(Data in this exercise begins)

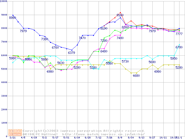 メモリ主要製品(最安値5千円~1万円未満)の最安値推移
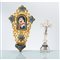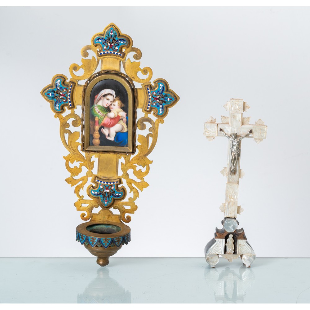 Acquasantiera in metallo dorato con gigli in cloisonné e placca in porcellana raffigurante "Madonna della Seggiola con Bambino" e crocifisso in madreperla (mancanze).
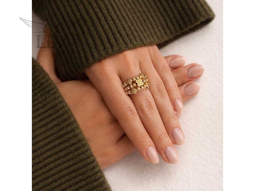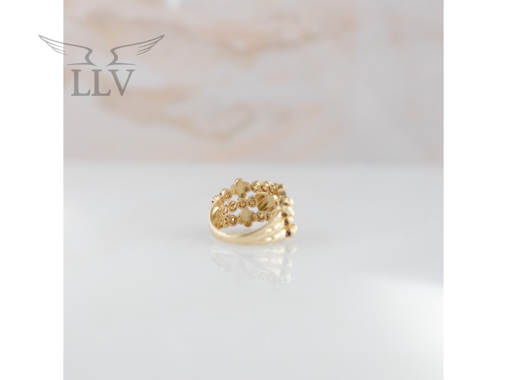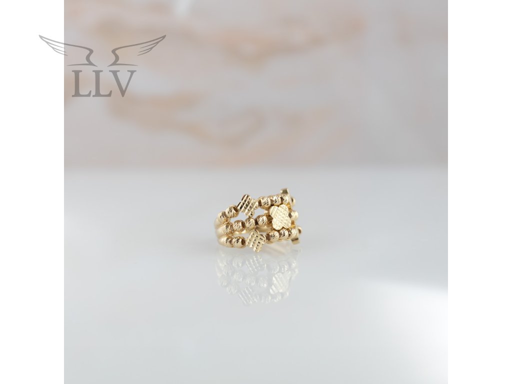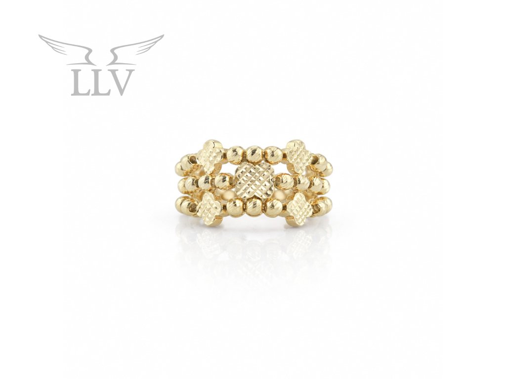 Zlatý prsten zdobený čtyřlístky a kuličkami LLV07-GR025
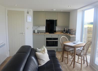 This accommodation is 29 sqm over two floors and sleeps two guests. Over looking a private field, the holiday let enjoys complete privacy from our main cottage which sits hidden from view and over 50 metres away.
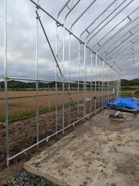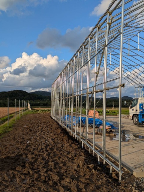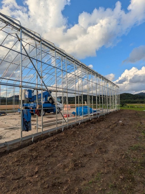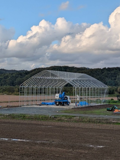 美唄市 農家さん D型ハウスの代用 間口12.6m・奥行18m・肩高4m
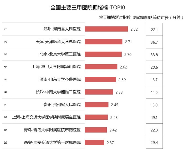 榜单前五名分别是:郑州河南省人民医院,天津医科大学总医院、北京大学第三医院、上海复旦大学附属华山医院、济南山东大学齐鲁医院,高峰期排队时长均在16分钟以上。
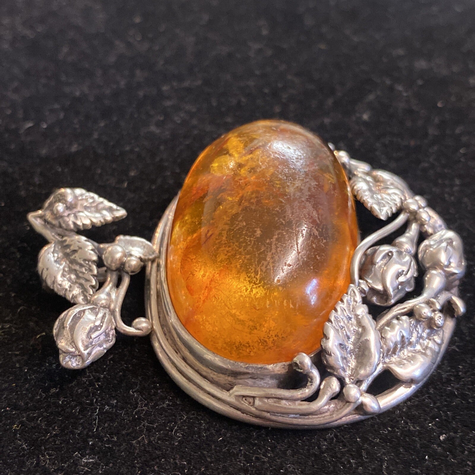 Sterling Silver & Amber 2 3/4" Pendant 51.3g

(Data in this exercise ends)

● **To do**
Each record above goes into the copy unchanged; the pictures do not.

● **Response to this task**
 メモリ主要製品(最安値5千円~1万円未満)の最安値推移
 Acquasantiera in metallo dorato con gigli in cloisonné e placca in porcellana raffigurante "Madonna della Seggiola con Bambino" e crocifisso in madreperla (mancanze).
 Zlatý prsten zdobený čtyřlístky a kuličkami LLV07-GR025
 This accommodation is 29 sqm over two floors and sleeps two guests. Over looking a private field, the holiday let enjoys complete privacy from our main cottage which sits hidden from view and over 50 metres away.
 美唄市 農家さん D型ハウスの代用 間口12.6m・奥行18m・肩高4m
 榜单前五名分别是:郑州河南省人民医院,天津医科大学总医院、北京大学第三医院、上海复旦大学附属华山医院、济南山东大学齐鲁医院,高峰期排队时长均在16分钟以上。
 Sterling Silver & Amber 2 3/4" Pendant 51.3g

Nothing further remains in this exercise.